- _ENTRIES PROVIDED_
★ ★ ★ ★ ★ ★ ★

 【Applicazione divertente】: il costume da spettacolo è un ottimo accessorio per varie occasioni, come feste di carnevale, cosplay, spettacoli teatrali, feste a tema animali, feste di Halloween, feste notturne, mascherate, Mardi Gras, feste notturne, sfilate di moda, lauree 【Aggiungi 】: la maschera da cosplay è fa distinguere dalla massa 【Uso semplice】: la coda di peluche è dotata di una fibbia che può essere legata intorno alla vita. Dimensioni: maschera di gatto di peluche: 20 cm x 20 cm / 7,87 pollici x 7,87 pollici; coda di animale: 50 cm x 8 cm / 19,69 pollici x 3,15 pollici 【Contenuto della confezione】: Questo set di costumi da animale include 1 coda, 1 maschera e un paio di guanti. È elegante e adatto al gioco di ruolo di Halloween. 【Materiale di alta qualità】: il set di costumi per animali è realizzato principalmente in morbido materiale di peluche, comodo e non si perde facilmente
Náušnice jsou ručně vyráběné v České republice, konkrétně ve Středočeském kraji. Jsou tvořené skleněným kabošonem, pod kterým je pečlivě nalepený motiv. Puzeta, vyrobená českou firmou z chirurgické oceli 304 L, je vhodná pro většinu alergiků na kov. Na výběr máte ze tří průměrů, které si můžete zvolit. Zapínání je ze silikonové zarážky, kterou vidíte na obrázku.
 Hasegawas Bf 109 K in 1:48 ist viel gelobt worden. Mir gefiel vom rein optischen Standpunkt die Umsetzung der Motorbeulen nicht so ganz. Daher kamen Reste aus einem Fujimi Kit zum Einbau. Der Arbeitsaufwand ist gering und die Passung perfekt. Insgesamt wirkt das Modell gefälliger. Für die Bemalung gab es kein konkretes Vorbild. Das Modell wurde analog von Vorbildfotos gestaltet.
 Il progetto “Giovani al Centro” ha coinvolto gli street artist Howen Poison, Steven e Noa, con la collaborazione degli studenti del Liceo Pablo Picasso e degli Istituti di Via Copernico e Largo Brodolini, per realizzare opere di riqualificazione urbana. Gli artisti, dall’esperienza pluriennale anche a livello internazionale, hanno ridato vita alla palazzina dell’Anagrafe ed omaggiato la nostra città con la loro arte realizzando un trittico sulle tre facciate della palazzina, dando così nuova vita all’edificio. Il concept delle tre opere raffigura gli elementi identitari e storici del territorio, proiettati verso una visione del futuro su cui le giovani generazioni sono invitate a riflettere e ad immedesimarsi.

★ ★ ★ ★ ★ ★ ★

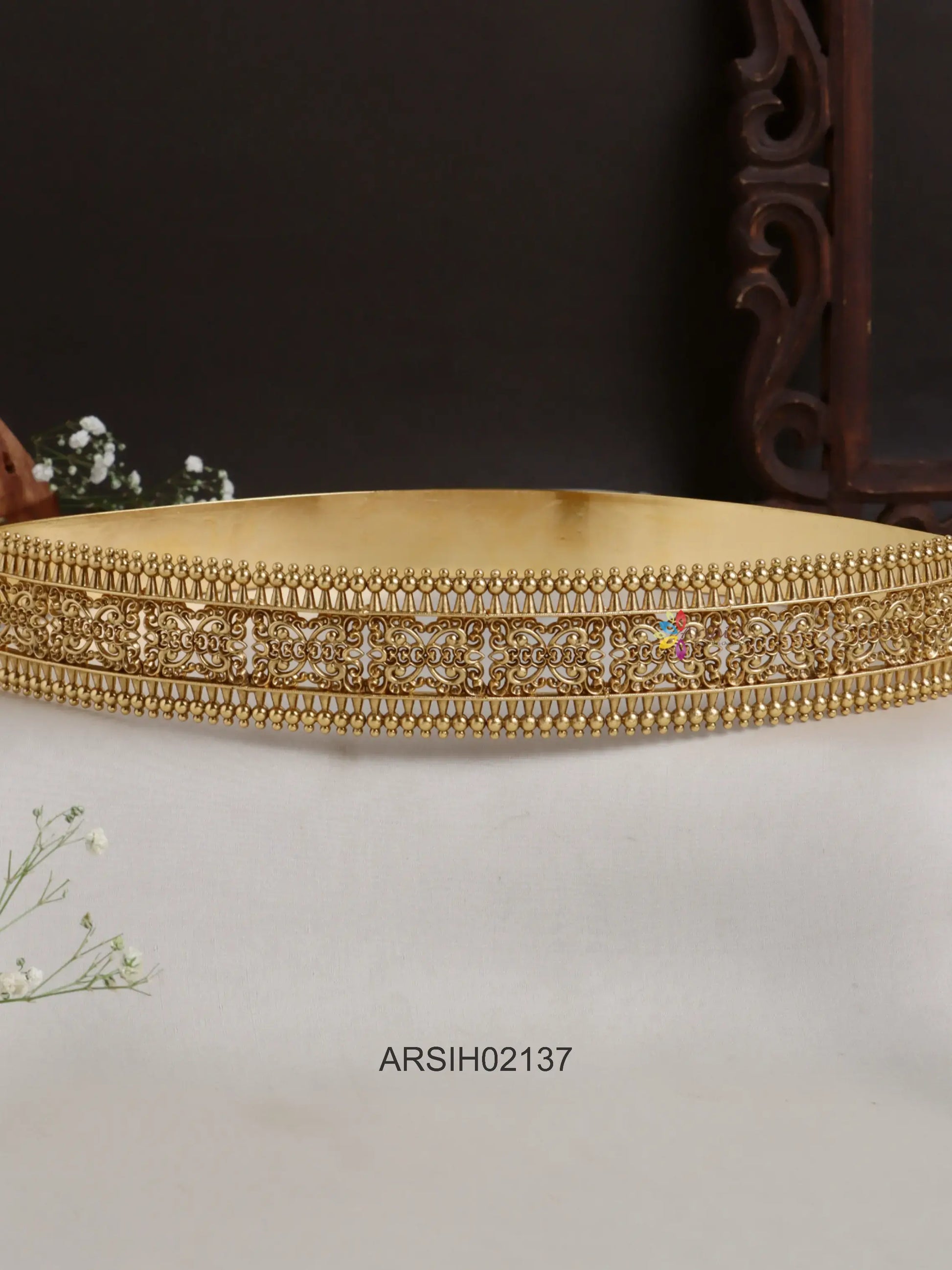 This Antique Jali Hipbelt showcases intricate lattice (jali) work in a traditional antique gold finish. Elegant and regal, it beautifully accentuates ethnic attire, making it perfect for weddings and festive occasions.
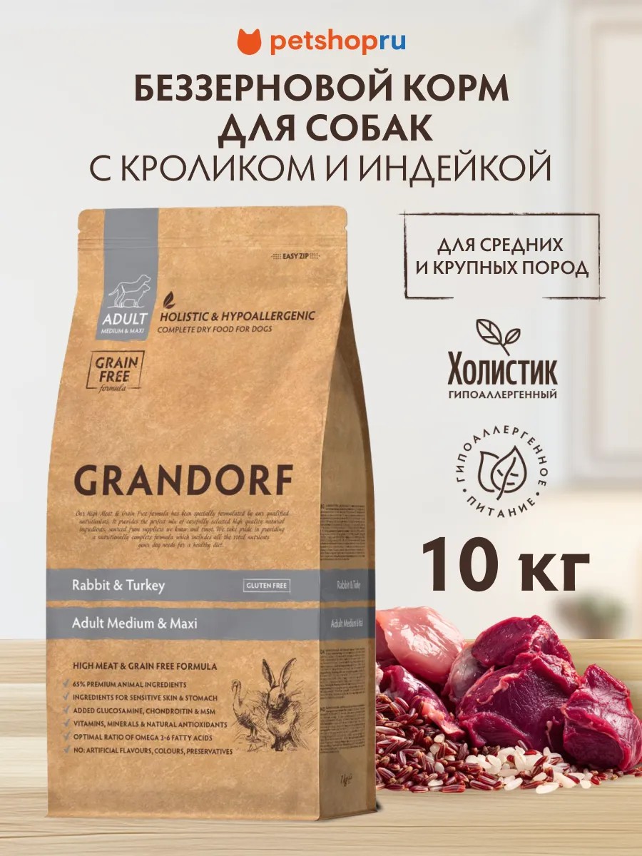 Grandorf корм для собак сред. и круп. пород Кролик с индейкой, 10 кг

★ ★ ★ ★ ★ ★ ★

- _WHAT TO DO_
Copy needed, without pictures: the lines of the listing above from the line containing "This Antique Jali" up to and including the line containing "Grandorf корм для", set down exactly.

- _EXERCISE SOLUTION_
 This Antique Jali Hipbelt showcases intricate lattice (jali) work in a traditional antique gold finish. Elegant and regal, it beautifully accentuates ethnic attire, making it perfect for weddings and festive occasions.
 Grandorf корм для собак сред. и круп. пород Кролик с индейкой, 10 кг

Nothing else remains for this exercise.